WHAT THE EXERCISE ASKS - Copy out all of the lines below exactly; the pictures do not belong in the copy.

DATA SHOWN -
• • •
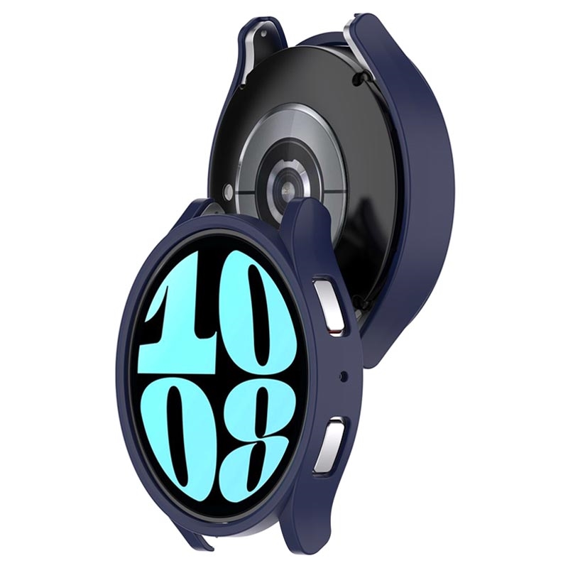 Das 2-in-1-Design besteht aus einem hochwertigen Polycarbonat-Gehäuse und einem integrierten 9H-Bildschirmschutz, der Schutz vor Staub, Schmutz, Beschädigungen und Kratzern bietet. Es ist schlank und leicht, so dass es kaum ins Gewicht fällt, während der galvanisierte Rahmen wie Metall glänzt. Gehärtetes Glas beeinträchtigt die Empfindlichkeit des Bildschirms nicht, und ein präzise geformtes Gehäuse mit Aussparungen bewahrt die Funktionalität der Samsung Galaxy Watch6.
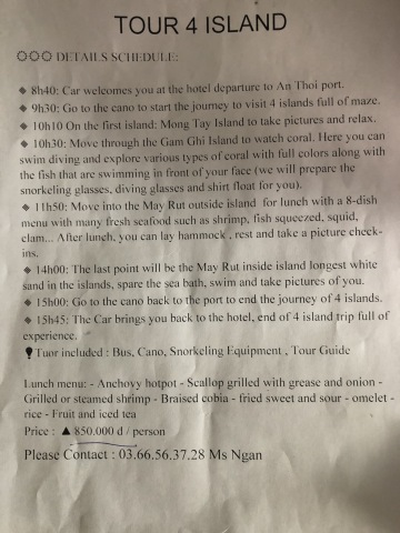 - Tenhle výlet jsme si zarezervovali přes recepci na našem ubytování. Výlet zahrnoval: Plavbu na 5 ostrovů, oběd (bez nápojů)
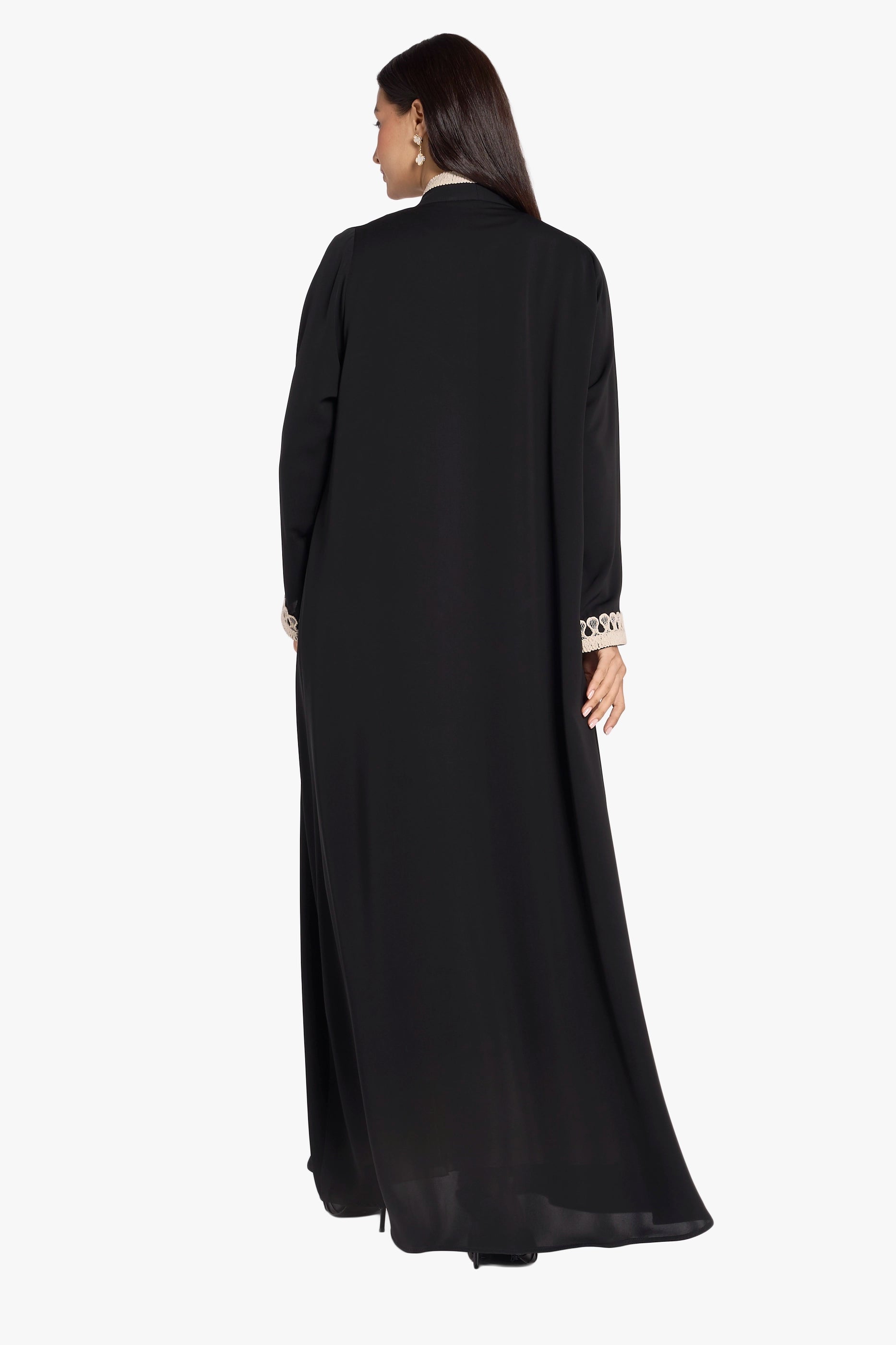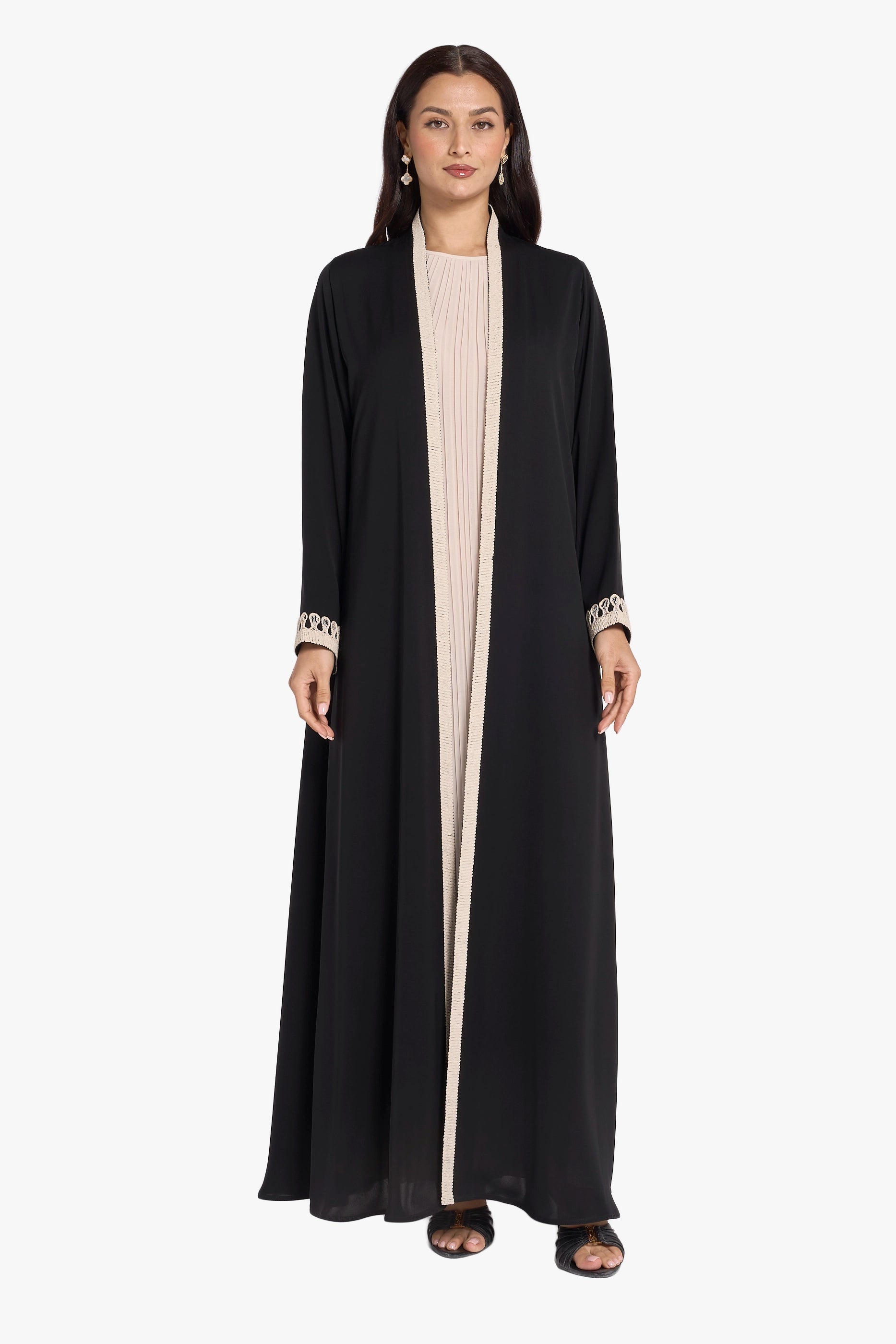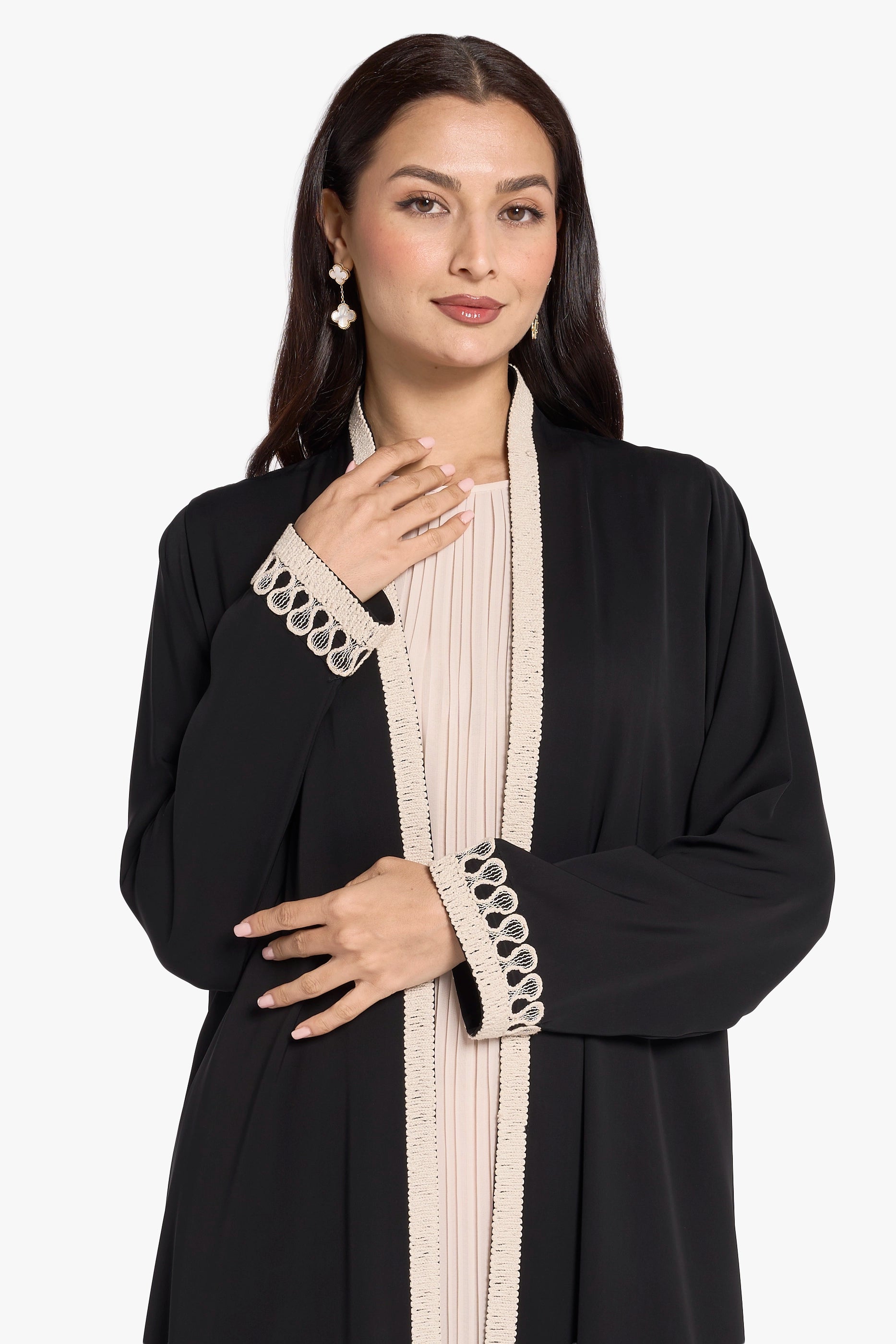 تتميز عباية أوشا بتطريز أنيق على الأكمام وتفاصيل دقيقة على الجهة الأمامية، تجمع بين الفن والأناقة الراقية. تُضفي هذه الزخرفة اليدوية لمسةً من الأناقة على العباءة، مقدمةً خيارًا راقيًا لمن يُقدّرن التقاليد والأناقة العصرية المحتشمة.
• • •
TASK RESULT -
 Das 2-in-1-Design besteht aus einem hochwertigen Polycarbonat-Gehäuse und einem integrierten 9H-Bildschirmschutz, der Schutz vor Staub, Schmutz, Beschädigungen und Kratzern bietet. Es ist schlank und leicht, so dass es kaum ins Gewicht fällt, während der galvanisierte Rahmen wie Metall glänzt. Gehärtetes Glas beeinträchtigt die Empfindlichkeit des Bildschirms nicht, und ein präzise geformtes Gehäuse mit Aussparungen bewahrt die Funktionalität der Samsung Galaxy Watch6.
 - Tenhle výlet jsme si zarezervovali přes recepci na našem ubytování. Výlet zahrnoval: Plavbu na 5 ostrovů, oběd (bez nápojů)
 تتميز عباية أوشا بتطريز أنيق على الأكمام وتفاصيل دقيقة على الجهة الأمامية، تجمع بين الفن والأناقة الراقية. تُضفي هذه الزخرفة اليدوية لمسةً من الأناقة على العباءة، مقدمةً خيارًا راقيًا لمن يُقدّرن التقاليد والأناقة العصرية المحتشمة.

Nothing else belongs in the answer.